HUKUM SHALAT DENGAN PAKAIAN BERCORAK ATAU BERGAMBAR
Tidak ada yang mengatakan bahwa shalat orang yang memakai pakaian
bergambar atau bercorak itu batal. Ini berarti, sah hukumnya shalat
menghadap memandang gambar atau sesuatu yang bercorak atau bertulisan,
baik gambar di pakaian itu gambar makhluk bernyawa atau gambar lainnya.
HUKUM MEMAKAI PAKAIAN BERGAMBAR DALAM SHALAT
Pada asalnya, hukum memakai pakaian adalah mubah, terserah pada setiap
orang mau memakai pakaian berwarna ataupun corak apa saja. Namun, ada
beberapa kondisi tertentu atau jenis gambar yang menjadikannya haram
dipakai.
Gambar
di pakaian dapat dibagi menjadi dua macam, yaitu ada gambar makhluk
hidup seperti manusia dan hewan, dan ada pula gambar lainnya, seperti
pohon, pemandangan, ukiran, kendaraan dan lain-lain.
Untuk
jenis gambar pertama, yaitu bergambar makhluk hidup, pakaian seperti
ini dilarang memakainya, baik dalam shalat ataupun di luar shalat.

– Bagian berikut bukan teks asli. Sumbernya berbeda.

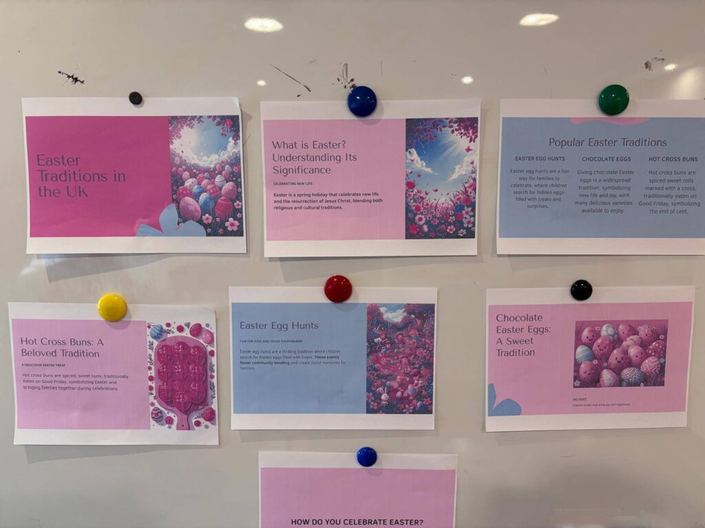 Uczniowie dowiedzieli się także o tradycyjnych potrawach, takich jak „hot cross buns” – słodkie bułeczki z charakterystycznym krzyżem na wierzchu, spożywane w Wielki Piątek. Omówiono również znaczenie Niedzieli Wielkanocnej oraz sposoby jej celebrowania w brytyjskich domach.

Karena, makhluk hidup dilarang untuk digambar atau dilukis. Hal
tersebut telah diancam oleh Rasûlullâh Shallallahu
‘alaihi wa sallam dalam haditsnya :
إِنَّ أَصْحَابَ هَذِهِ الصُّوَرِ يَوْمَ الْقِيَامَةِ يُعَذَّبُونَ فَيُقَالُ لَهُمْ أَحْيُوا مَا خَلَقْتُمْ
Sungguh
orang yang melukis gambar ini akan diazab pada hari kiamat kelak.
Mereka akan diminta untuk menghidupkan makhluk yang mereka lukis
tersebut. [HR al-Bukhari, no. 1999].
Demikian
ganjaran bagi pelukisnya. Adapun memakai pakaian tersebut juga
merupakan perbuatan dosa karena memajang sesuatu yang haram untuk
dibuat. Bahkan Rasûlullâh Shallallahu ‘alaihi wa
sallam bersabda, bahwa rumah yang di dalamnya terdapat lukisan makhluk
hidup, tidak akan dimasuki oleh malaikat rahmat. [HR al-Bukhâri,
no. 1999].
Dalam
Shahîh Muslim disebutkan hadits Rasûlullâh
Shallallahu ‘alaihi wa sallam yang memerintahkan untuk menghapus
seluruh gambar makhluk hidup yang kita temui. [HR Muslim, no. 969].
Adapun
untuk jenis gambar kedua, yaitu bukan gambar makhluk hidup, maka hukum
memakai pakaian tersebut adalah tetap pada hukum asalnya yaitu
boleh-boleh saja. Namun, jika dipakai dalam shalat bisa mempengaruhi
konsentrasi karena dilalaikan oleh corak dan gambar di pakaian
tersebut. Oleh karena itu, hukum memakainya dalam shalat menjadi makruh.
Hukumnya
tidak sampai ke derajat haram dikarenakan beberapa hal. Pertama, tidak
ada dalil yang mengharuskan shalat dengan pakaian jenis ataupun warna
tertentu. Begitu pula tidak ada larangan untuk memakai corak tertentu.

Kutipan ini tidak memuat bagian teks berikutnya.